Carnival Corporation & plc (NYSE/LSE: CCL; NYSE: CUK) today announced that it has signed a definitive agreement to sell its Windstar Cruises brand to Ambassadors International Inc. (Nasdaq: AMIE – News). Windstar Cruises, which operates three sailing vessels, is a wholly owned subsidiary of Holland America Line, a unit of Carnival Corporation & plc.
Under the terms of the agreement, Windstar will be sold for $100 million, $40 million of which is payable in cash and assumption of liabilities, and Carnival will provide mortgage financing for $60 million. The loan will be payable over 10 years at seven percent interest, collateralized by the three Windstar ships.
“Windstar is an outstanding and unique cruise product and has garnered an extremely loyal following, however, Carnival Corporation & plc’s growth strategy is focused on expanding our core growth brands and opening new markets,” said Micky Arison, Carnival Corporation & plc chairman and CEO. “We made the decision to exit from the niche cruise business some time ago and the sale of Windstar is in line with that strategy. Last year we made a decision to cease operation of UK’s Swan Hellenic and transfer its one ship to the Princess Cruises brand. Both of these are excellent products but simply do not fit into our future growth plans,” he explained.

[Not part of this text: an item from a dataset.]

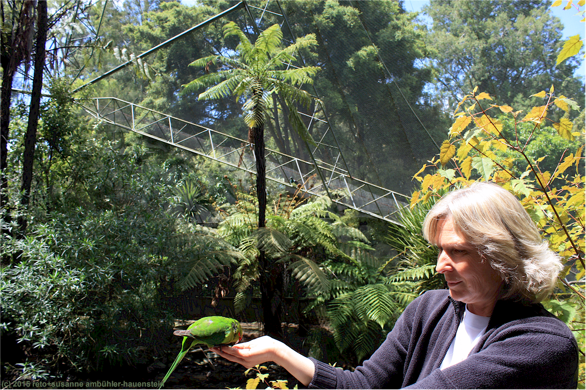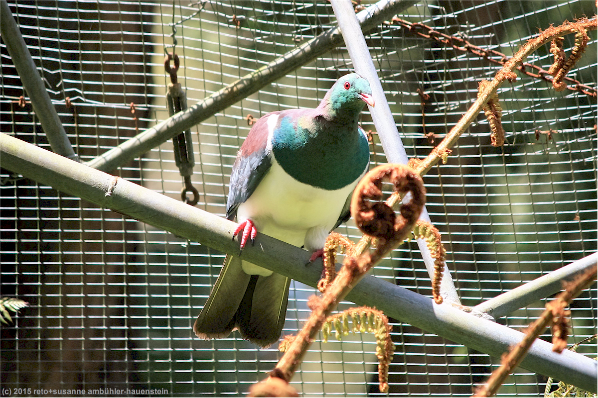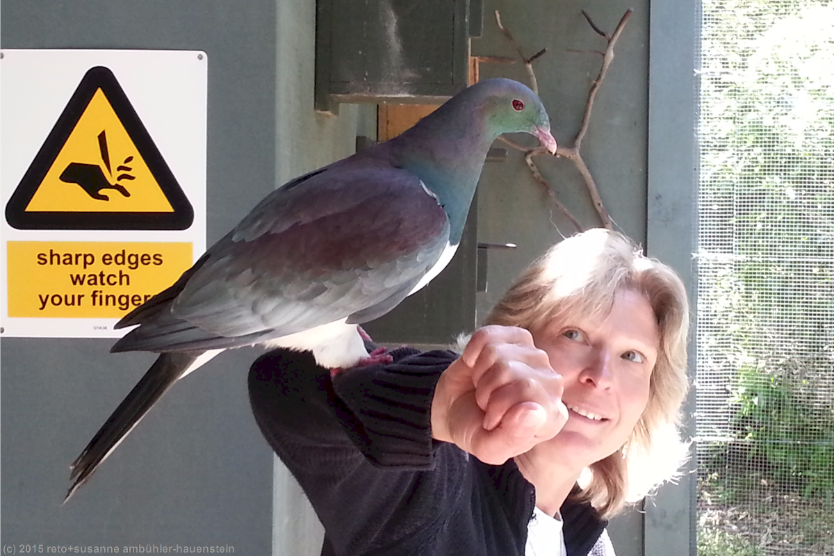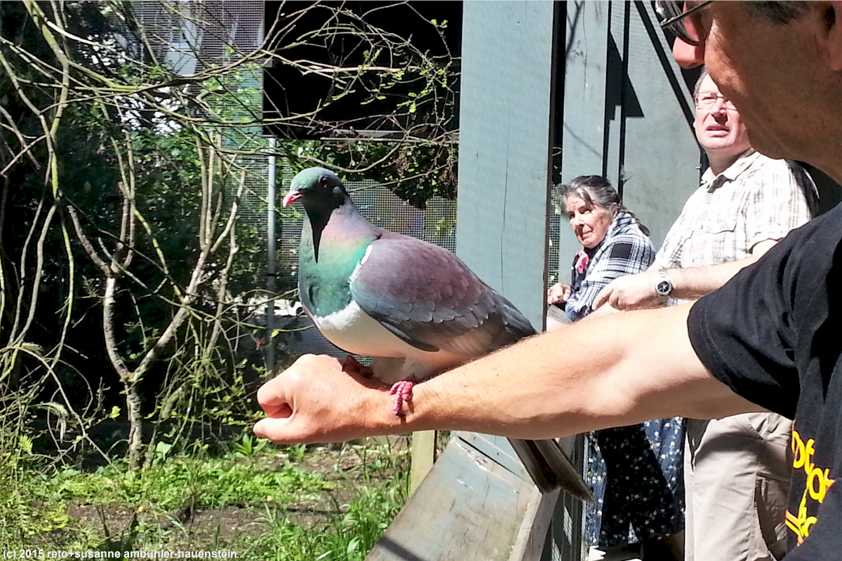 wir schauen dem kiwi und auch seinen verwandten in den anderen gehegen noch eine weile zu, dann verlassen wir das kiwi house. wir spazieren durch die anlage und treffen bald auf ein gehege mit einer einheimischen taube. schon am eingang hatte man uns erklärt, dass dieser vogel von menschenhand aufgezogen wurde, er deshalb keine scheu vor menschen hätte und die besucher als "spielkameraden" betrachten würde. als wir die voliere betreten sitzt die taube weit entfernt auf einem ast und beäugt uns interessiert. wir sind alleine im gehege und warten gespannt, was passiert. die taube beginnt sich unruhig auf dem ast hin und her zu bewegen, wir haben den eindruck, ihre neugier wird grösser und grösser. tatsächlich kommt sie plötzlich angeflogen und landet auf meinem kopf ! das fühlt sich nicht besonders angenehm an, ich bin deshalb froh, als sie zu susanne weiterfliegt und sich auf ihren arm setzt. später landet sie auch auf meinem arm, da fühle ich mich schon viel wohler dabei. nach ein paar minuten hat die taube ihre neugier gestillt und fliegt zurück zu ihrem ast, das war eine sehr interessante erfahrung.

Added Stein Kruse, president and chief executive officer, Holland America Line, “We are pleased to have a committed buyer like Ambassadors International to take over Windstar. The transaction has been structured to ensure a smooth transition for all parties. Holland America Line will continue to operate the company through a transitional services agreement in the short term which includes vessel, reservations and other operational functions.”
Windstar Cruises’ three ships include the 312-passenger Wind Surf and the 148-passenger Wind Star and Wind Spirit.
Carnival expects the transaction to close in the second quarter of 2007, subject to any applicable regulatory requirements, and to be neutral to earnings on an annualized basis for the 12-month period following closing.